Understanding Units: Calculations with Units

[tomtomtom1]

Homework Statement

Understanding Units

Relevant Equations

T = L^2

Hi

I am trying to figure understand what happens to the units when I perform calculations on them. For instance, given the equation:-

T = L^2

If the value of L was 78mm then what would the value of T be?

Would it be:

(78mm)^2 = 78^2 mm^2 = 6084mm^2

or would it be:-

(78mm)^2 = 78^2 = 6084mm

Can anyone shed any light?

Thank you.

 

[SammyS]

Problem Statement: Understanding Units
Relevant Equations: T = L^2

Hi

I am trying to figure understand what happens to the units when I perform calculations on them. For instance, given the equation:-

T = L^2

If the value of L was 78mm then what would the value of T be?

Would it be:

(78mm)^2 = 78^2 mm^2 = 6084mm^2

or would it be:-

(78mm)^2 = 78^2 = 6084mm

Can anyone shed any light?

Thank you.

You multiply the units as well as the numbers.

 

[phyzguy]

You should carry the units along and they get exactly the same arithmetic operations as the numerical values. So if L has units of mm, T will have units of mm^2.

 

[symbolipoint]

Your units that you write can become confusing, in this case to the extent of ambiguous.

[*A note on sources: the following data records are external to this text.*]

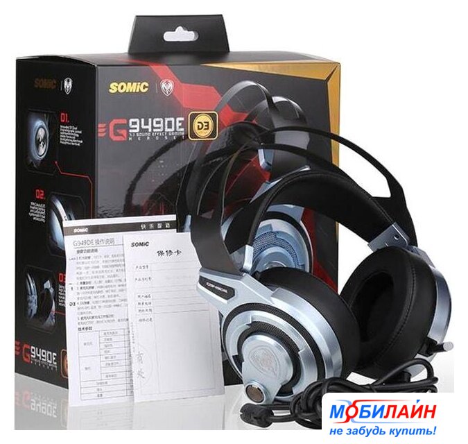 наушники с микрофоном, мониторные (охватывающие), геймерские, 20-20000 Гц, кабель 2 м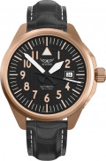 Мужские механические авиаторские часы Airacobra 43 Auto. В механизме 26 камней, запас хода до 38 часов. Метки в виде арабских цифр. Окошко даты. Антибликовое покрытие на сапфировом стекле позволяет с легкостью узнать время даже при ярком солнце. Рифленая заводная головка. Кожаный ремешок.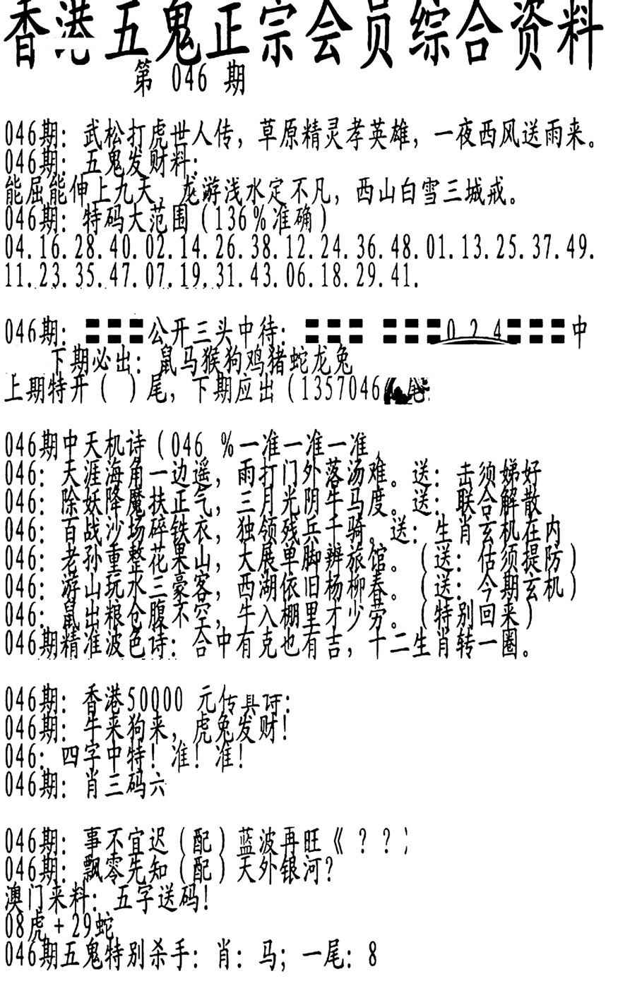 055 玄机新刊A 056 玄机新刊B 057 曾道人玄机A 058 曾道人玄机B

If you are indicating the unit for L is the METER, which you could abbreviate as M, then your expression using variable R with including the unit, becomes (L)(L)(METER)(METER), as I here include the unit, and so T=L^2(METER)^2
and then the unit for T is METER².

 

[symbolipoint]

Note in post #4, I spelled the word because "m" looks like could be "meter" or later "mm" could be misread as "millimeters".